Dataset entries:
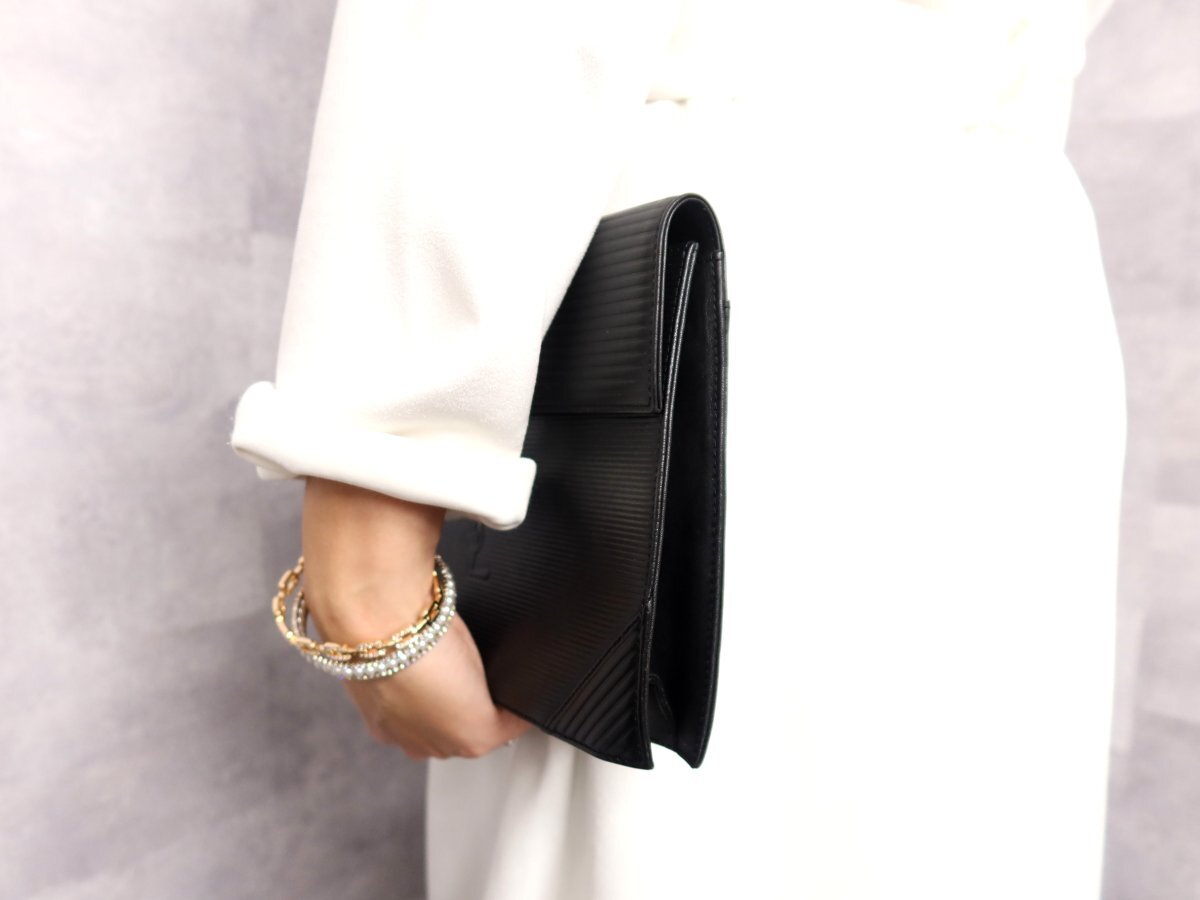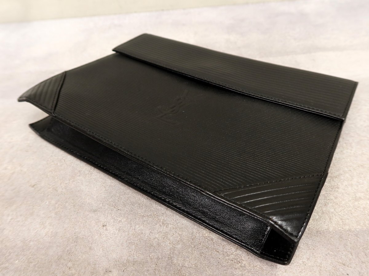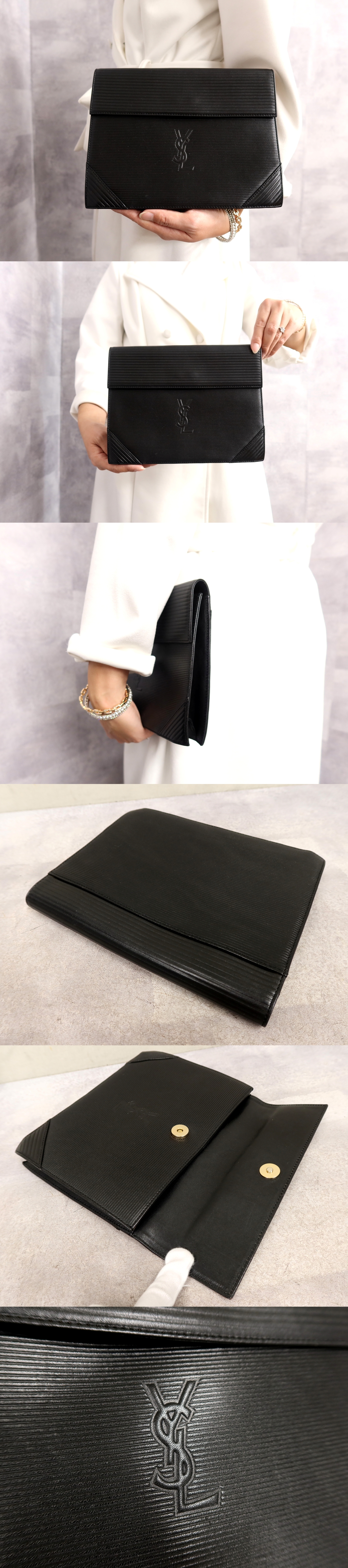 ●超美品●YSL Yves Saint-Laurent イヴ・サンローラン●ロゴ型押し●カーフ レザー 本革●セカンド クラッチ バッグ●黒●かばん●Js63008
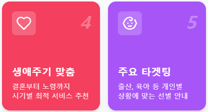 - ✅ 생애주기별 맞춤형: 결혼, 출산, 육아, 노령 등 시기별 안내
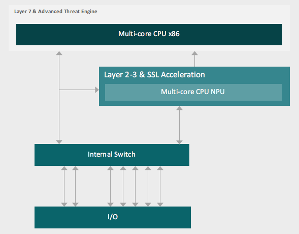 The design employs Intel multi-core CPUs for Layer 7 threat inspections (app visibility, intrusion detection, URL filtering, malware and file inspection, user identity, etc.) and a combination of merchant and a Network Processing Unit (NPU) for layer 2-4 traffic (stateful firewall, NAT, VPN-SSL encryption/decryption, and more.).
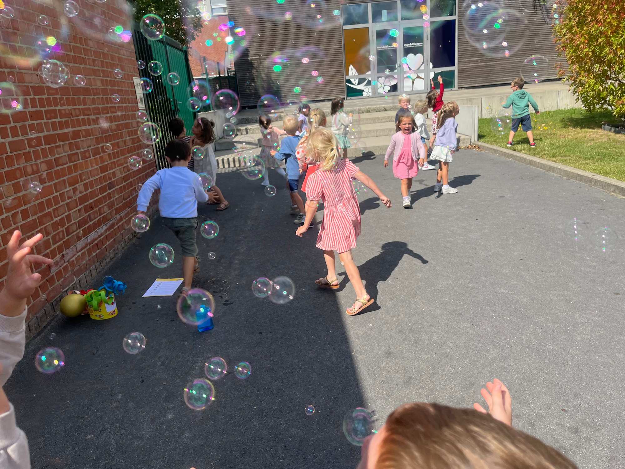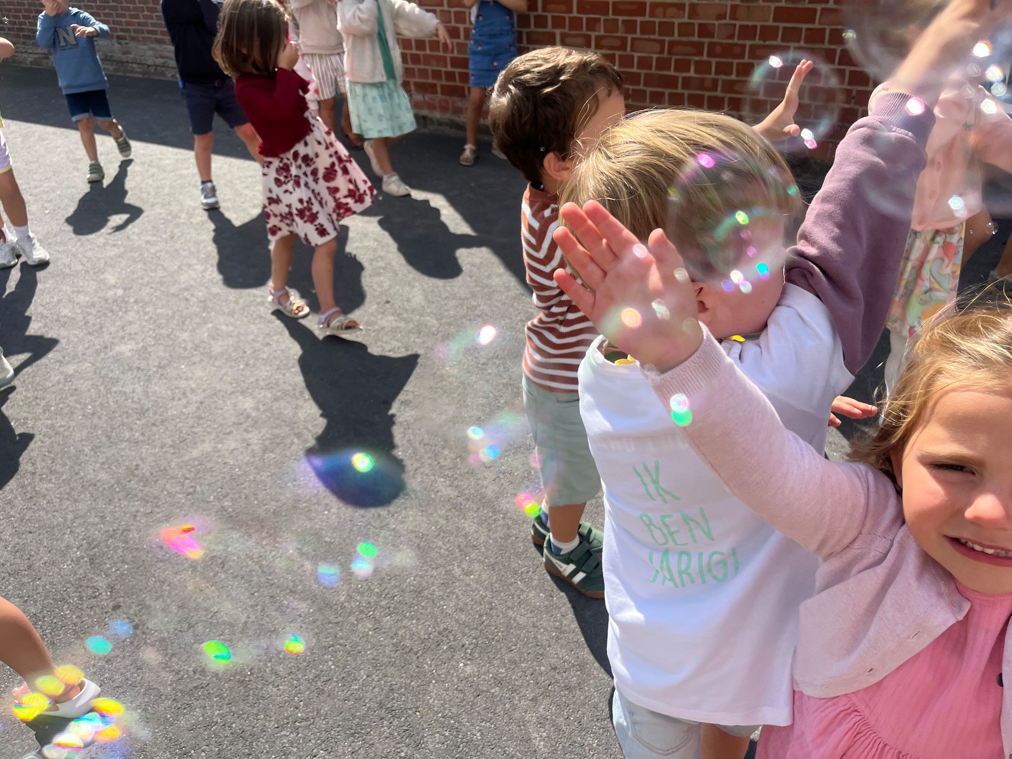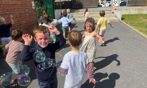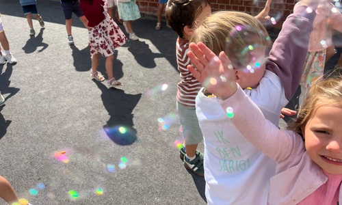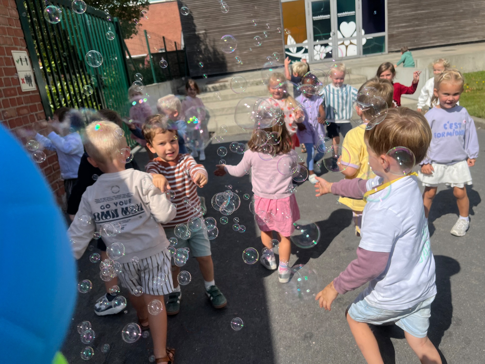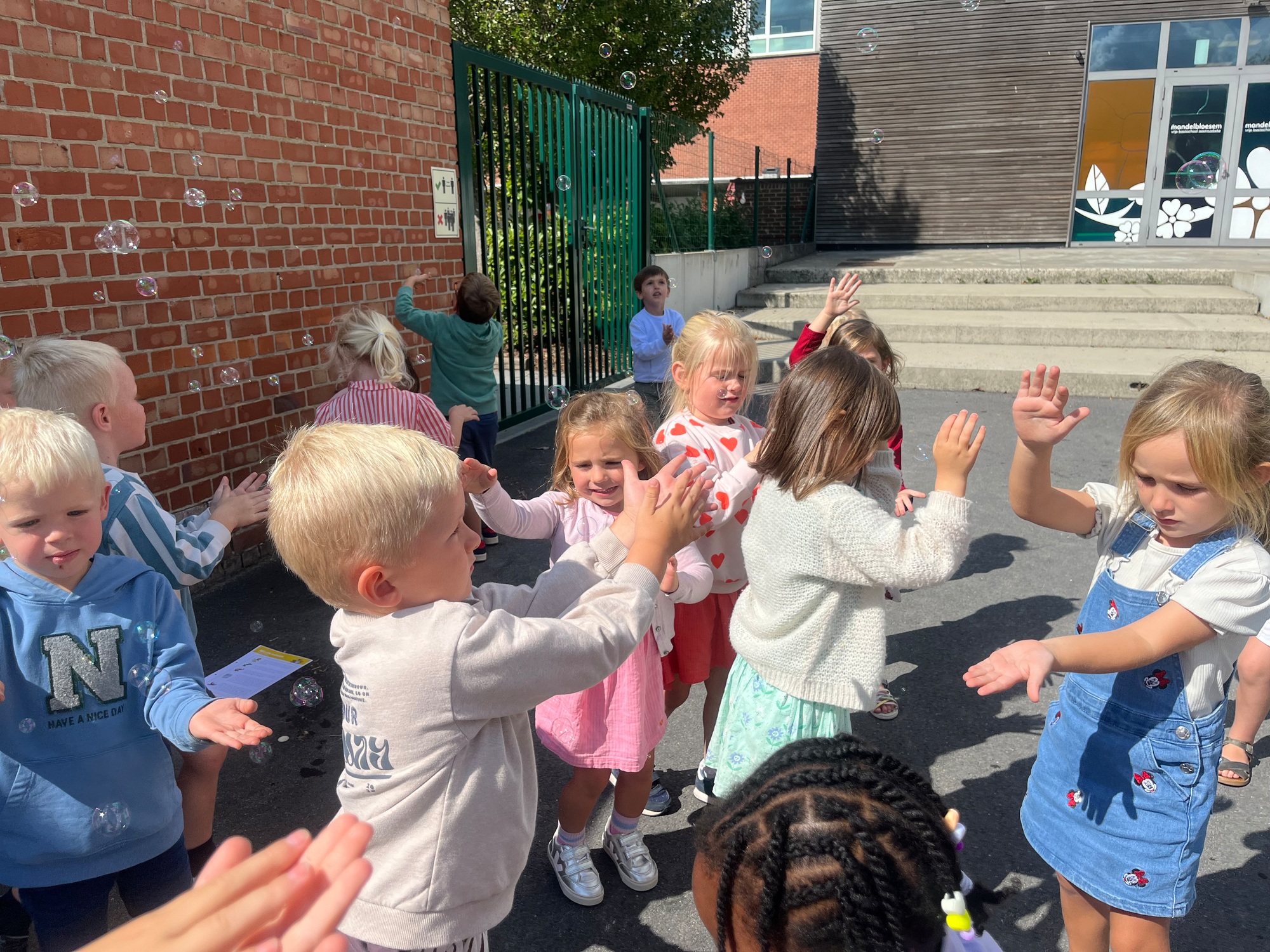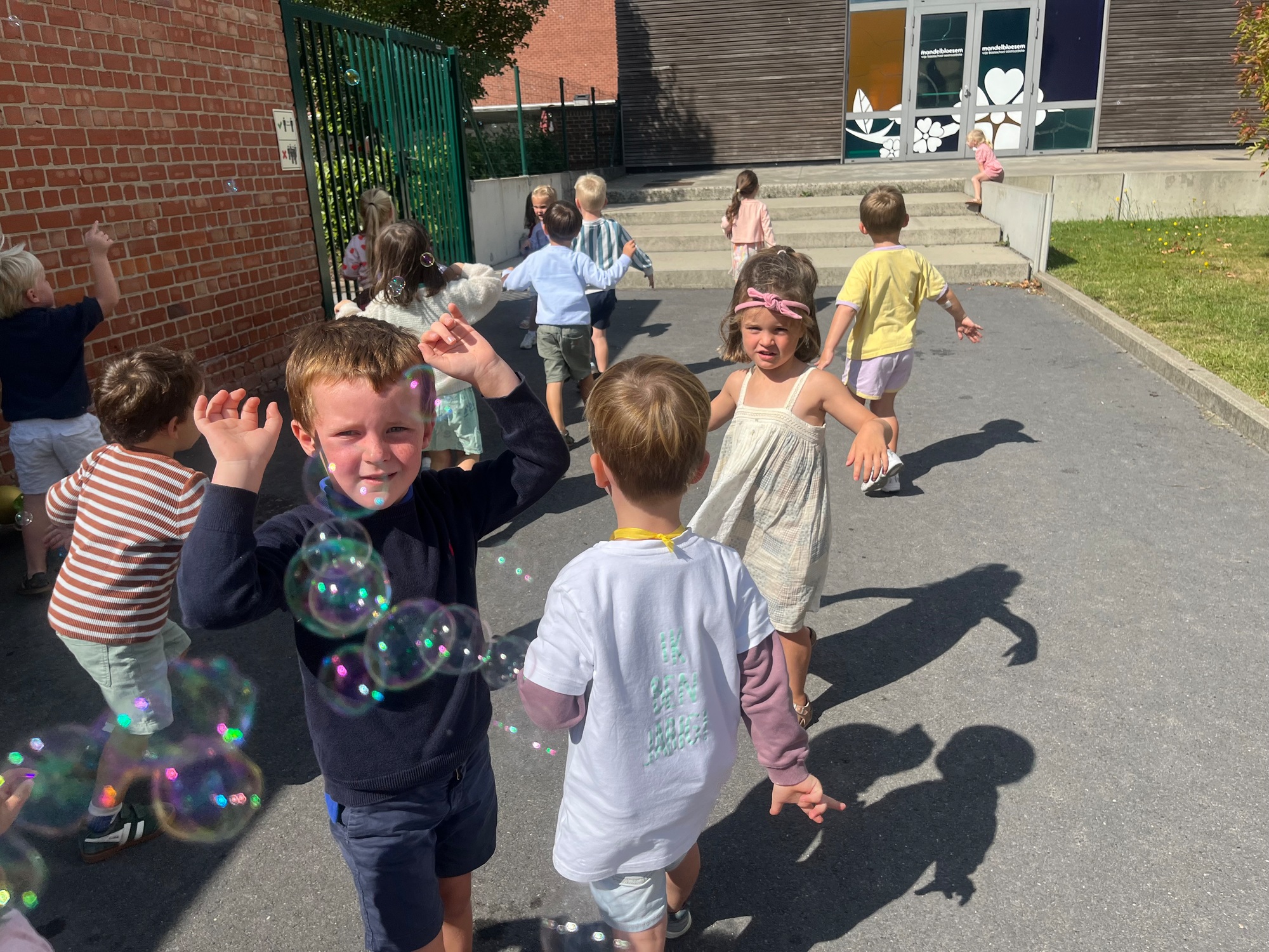 Leeuw brult heel luid en vangt de bellen, aap springt op en neer, olifant vangt de bellen met zijn slurf en krokodil vangt ze met zijn grote bek.
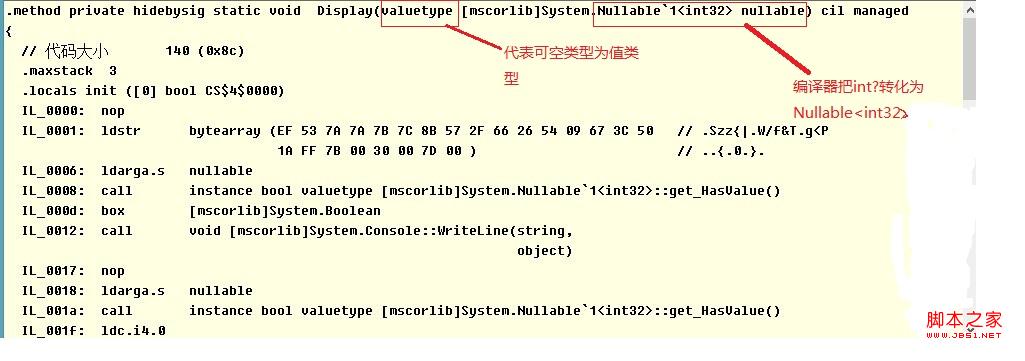 上面的演示代码中都注释,这里就不再解释了,为了让大家明白进一步理解可空类型是值类型,下面贴出中间语言代码截图:
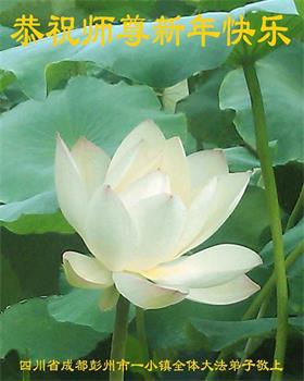 四川省成都彭州市一小鎮全體大法弟子恭祝師尊新年快樂!
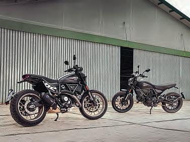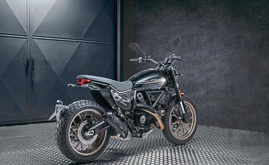 OneforthegothicDucatistioutthere –abraceof newScrambler800 modelstoitsline-upfor2025.The newIconBlackandFullThrottlemodelscatertoa perhapsnichesector: gothswholikerorty,classy, novice-friendly V-twinroadsters,withbothnew modelsavailableinblackonly.TheFullThrottledoes addsomeclassybronzehighlightstothe finish,as well as aneat Termignoniendcan,sumpguard,and an up/downquickshifter.Therearenoothermodsto thebasicScramblerengineorchassispackage,soyou getthe73bhp803cctwo-valveDesmodue V-twin motorin a176kgwetset-up,whichworksreallywell ontheroad,as wellaslookingprettysweet.Noprices as wewenttopress,butbothbikeswillbeavailable beforeChristmas.
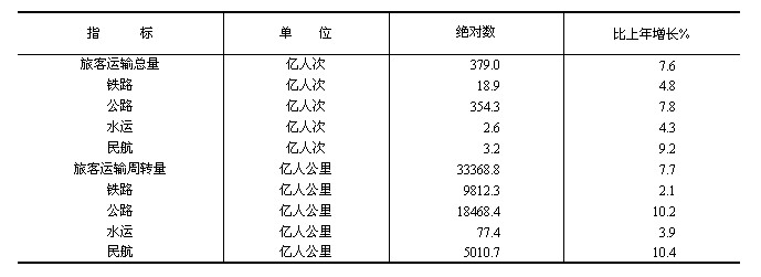 全年旅客運(yùn)輸總量379億人次,比上年增長(zhǎng)7.6%。旅客運(yùn)輸周轉(zhuǎn)量33369億人公里,增長(zhǎng)7.7%。
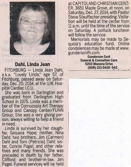Dahl, Linda Jean Obit Cemetery
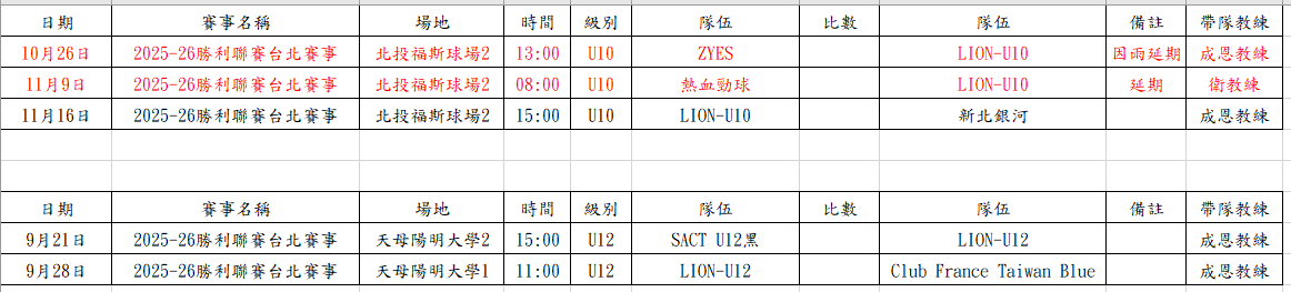 賽事公告
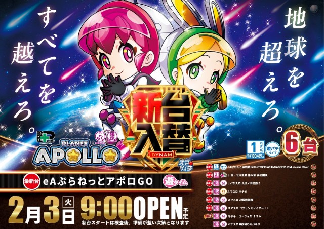 2月3日(火)新台入替(予定)
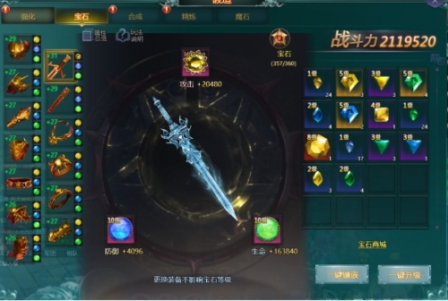 宝石:对应都部分穿戴了装备即可进行宝石的镶嵌,每个装备部位可镶嵌3个宝石。分别可镶嵌,攻击、防御、生命宝石,更换装备不影响宝石等级。
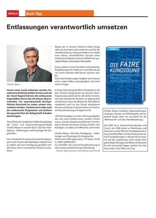 In seinem Buch "Die faire Kündigung" beleuchtet Charles Meyer die psychologischen Auswirkungen von Entlassungen auf betroffene Mitarbeiter, Vorgesetzte und die verbleibenden Teammitglieder. Er bietet praxisnahe Tipps und eine Checkliste zur Verbesserung des Kündigungsprozesses, um traumatische Erfahrungen zu minimieren und den Respekt gegenüber den Entlassenen zu wahren. Meyer, ein erfahrener Coach und Organisationspsychologe, unterstreicht die Notwendigkeit, Kündigungen als Führungsaufgabe zu verstehen und lernbar zu gestalten.
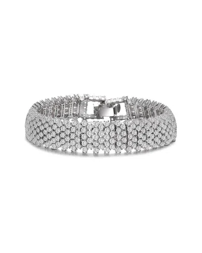 Rhodium Plated Cz Cross Bracelet In Metallic
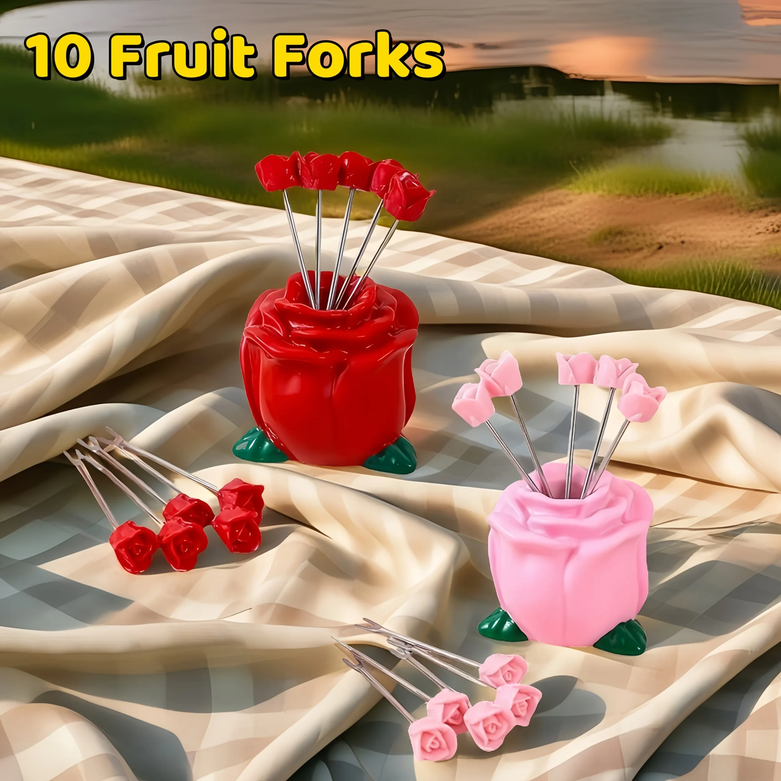 10 fourchettes à fruits créatives en acier inoxydable en forme de rose

- _WORK ITEM_
Drop the images, then copy the data exactly.

- _FINAL ANSWER_
 ●超美品●YSL Yves Saint-Laurent イヴ・サンローラン●ロゴ型押し●カーフ レザー 本革●セカンド クラッチ バッグ●黒●かばん●Js63008
 - ✅ 생애주기별 맞춤형: 결혼, 출산, 육아, 노령 등 시기별 안내
 The design employs Intel multi-core CPUs for Layer 7 threat inspections (app visibility, intrusion detection, URL filtering, malware and file inspection, user identity, etc.) and a combination of merchant and a Network Processing Unit (NPU) for layer 2-4 traffic (stateful firewall, NAT, VPN-SSL encryption/decryption, and more.).
 Leeuw brult heel luid en vangt de bellen, aap springt op en neer, olifant vangt de bellen met zijn slurf en krokodil vangt ze met zijn grote bek.
 上面的演示代码中都注释,这里就不再解释了,为了让大家明白进一步理解可空类型是值类型,下面贴出中间语言代码截图:
 四川省成都彭州市一小鎮全體大法弟子恭祝師尊新年快樂!
 OneforthegothicDucatistioutthere –abraceof newScrambler800 modelstoitsline-upfor2025.The newIconBlackandFullThrottlemodelscatertoa perhapsnichesector: gothswholikerorty,classy, novice-friendly V-twinroadsters,withbothnew modelsavailableinblackonly.TheFullThrottledoes addsomeclassybronzehighlightstothe finish,as well as aneat Termignoniendcan,sumpguard,and an up/downquickshifter.Therearenoothermodsto thebasicScramblerengineorchassispackage,soyou getthe73bhp803cctwo-valveDesmodue V-twin motorin a176kgwetset-up,whichworksreallywell ontheroad,as wellaslookingprettysweet.Noprices as wewenttopress,butbothbikeswillbeavailable beforeChristmas.
 全年旅客運(yùn)輸總量379億人次,比上年增長(zhǎng)7.6%。旅客運(yùn)輸周轉(zhuǎn)量33369億人公里,增長(zhǎng)7.7%。
Dahl, Linda Jean Obit Cemetery
 賽事公告
 2月3日(火)新台入替(予定)
 宝石:对应都部分穿戴了装备即可进行宝石的镶嵌,每个装备部位可镶嵌3个宝石。分别可镶嵌,攻击、防御、生命宝石,更换装备不影响宝石等级。
 In seinem Buch "Die faire Kündigung" beleuchtet Charles Meyer die psychologischen Auswirkungen von Entlassungen auf betroffene Mitarbeiter, Vorgesetzte und die verbleibenden Teammitglieder. Er bietet praxisnahe Tipps und eine Checkliste zur Verbesserung des Kündigungsprozesses, um traumatische Erfahrungen zu minimieren und den Respekt gegenüber den Entlassenen zu wahren. Meyer, ein erfahrener Coach und Organisationspsychologe, unterstreicht die Notwendigkeit, Kündigungen als Führungsaufgabe zu verstehen und lernbar zu gestalten.
 Rhodium Plated Cz Cross Bracelet In Metallic
 10 fourchettes à fruits créatives en acier inoxydable en forme de rose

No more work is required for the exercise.